И опять Руфь мерила мысли Мартина, исходя из сопоставлений чисто внешних, в согласии со своей верой в общепринятое. Кто он таков, чтобы он оказался прав, а весь культурный мир не прав? Она попросту не воспринимала ни слов его, ни мыслей. Слишком прочно в ней укоренилось все общепринятое, чтобы сочувствовать его бунтарским взглядам. Она с самого детства слушала музыку, с самого детства любила оперу, и в ее окружении все любили оперу. Так по какому же праву приходит Мартин Иден, который еще недавно только и слышал регтаймы да простонародные песенки, и судит о великой музыке? Руфь сердилась на него, и сейчас, идя рядом с ним, чувствовала себя оскорбленной. В лучшем случае, если уж быть очень снисходительной, она, пожалуй, готова счесть его утверждения капризом, пеленой и неуместной выходкой. Но когда у дверей ее дома он на прощанье обнял ее и нежно, влюбленно поцеловал, она все забыла в приливе любви к нему. И потом, в постели, никак не могла уснуть и сама себе удивлялась, не впервые за последнее время, как это она полюбила такого странного человека, и еще несмотря на неодобрение родных.

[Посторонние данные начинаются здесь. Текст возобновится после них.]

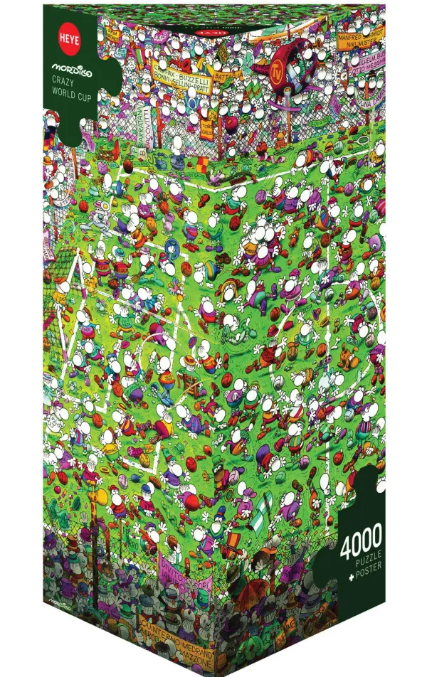 Puzzle 4000 pièces. Crazy World Cup de la marque HEYE, de la série Cartoon Boîte triangulaire et de l’artiste Guillermo Mordillo – Dimensions du puzzle monté : 96 cm x 136 cm – Label FSC (ce label environnemental a pour but d’assurer que la production de bois ou d’un produit à base de bois respecte les procédures garantissant la gestion durable des forêts)
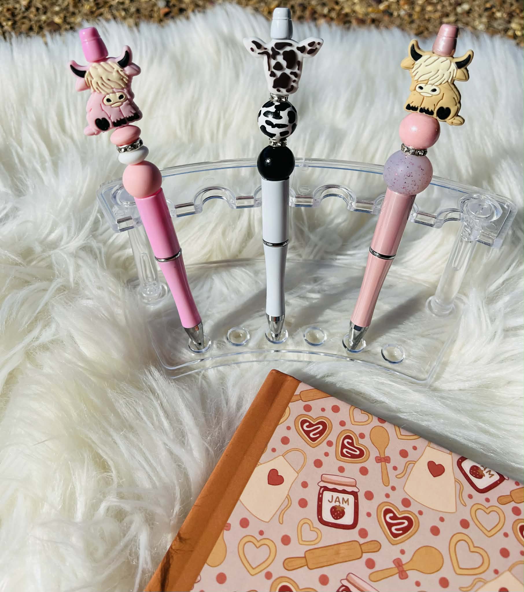 These are beaded pens that write in black ink. Each pen comes with a refill.
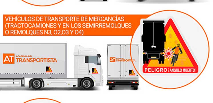 AT Academia del Transportista nos resume las principales características de esta nueva “señal de advertencia de peligro de ángulo muerto”:
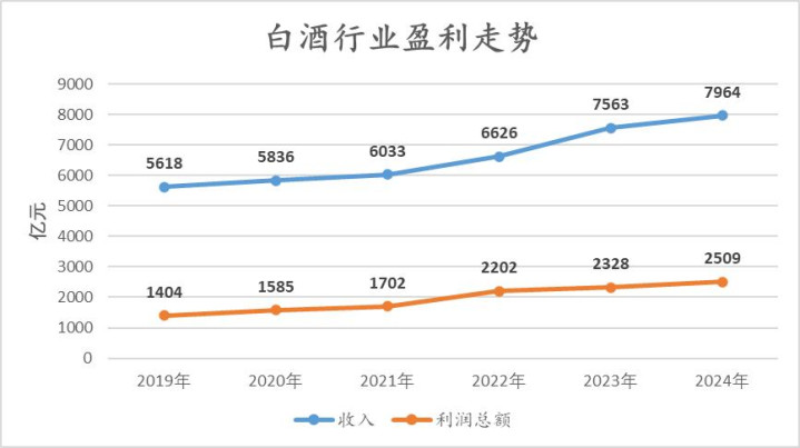2019年-2024年,国内规模以上企业白酒产量从786万千升下降到415万千升,近乎腰斩,但同期白酒行业的销售收入却从5618亿元增长至7964亿元,同比增长约42%;利润总额从1404亿增长至2509亿,同比增长78.7%。
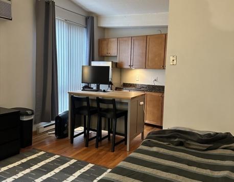 AVAILABLE 7/1/2026!Efficiently designed 365 sq ft loft style studio at 12 Stoneholm offers thoughtful city living in Boston's vibrant Fenway/Back Bay neighborhood. The space features soaring ceilings, west-facing windows providing abundant natural light, and quality hardwood floors throughout. The kitchen comes equipped with stainless steel appliances including range, wall oven, refrigerator, and disposal. Features electric heat and wall-mounted AC for year-round comfort.Building amenities include a rooftop swimming pool, fitness center, 24-hour concierge, laundry facilities, bike storage, multiple common roof-top decks, and secure entry. Garage parking may be available for an additional charge through the management company.Located just 0.2 miles from Hynes Convention Center Station with the Green Line blocks away. Within minutes of Berklee, Northeastern, Prudential Center, Whole Foods, Fenway Park, and shopping on Newbury Street.Rent includes water, sewer, security, and snow removal

А назавтра Мартин Иден отложил ремесленную работу и в один присест отстучал эссе, которое назвал «Философия иллюзии». Наклеил марку, и рукопись отправилась в путь, но в последующие месяцы для нее потребовалось еще много марок и много раз суждено ей было пускаться в путь.
Глава 25
Мария Сильва была бедна и отлично знала все приметы бедности. Для Руфи слово «бедность» обозначало существование, лишенное каких-то удобств. Тем и ограничивалось ее представление о бедности. Она знала, что Мартин беден, и это связывалось для нее с юностью Линкольна, мистера Батлера и многих других, кто потом добился успеха. К тому же, сознавая, что бедным быть не сладко, она, как истая дочь среднего сословия, преспокойно полагала, будто бедность благотворна, что подобно острой шпоре, она подгоняет по пути к успеху всех и каждого, кроме безнадежных тупиц и вконец опустившихся бродяг. И потому, когда она узнала, что безденежье заставило Мартина заложить часы и пальто, она не встревожилась. Ее это даже обнадежило, значит, рано или поздно он поневоле опомнится и вынужден будет забросить свои писания.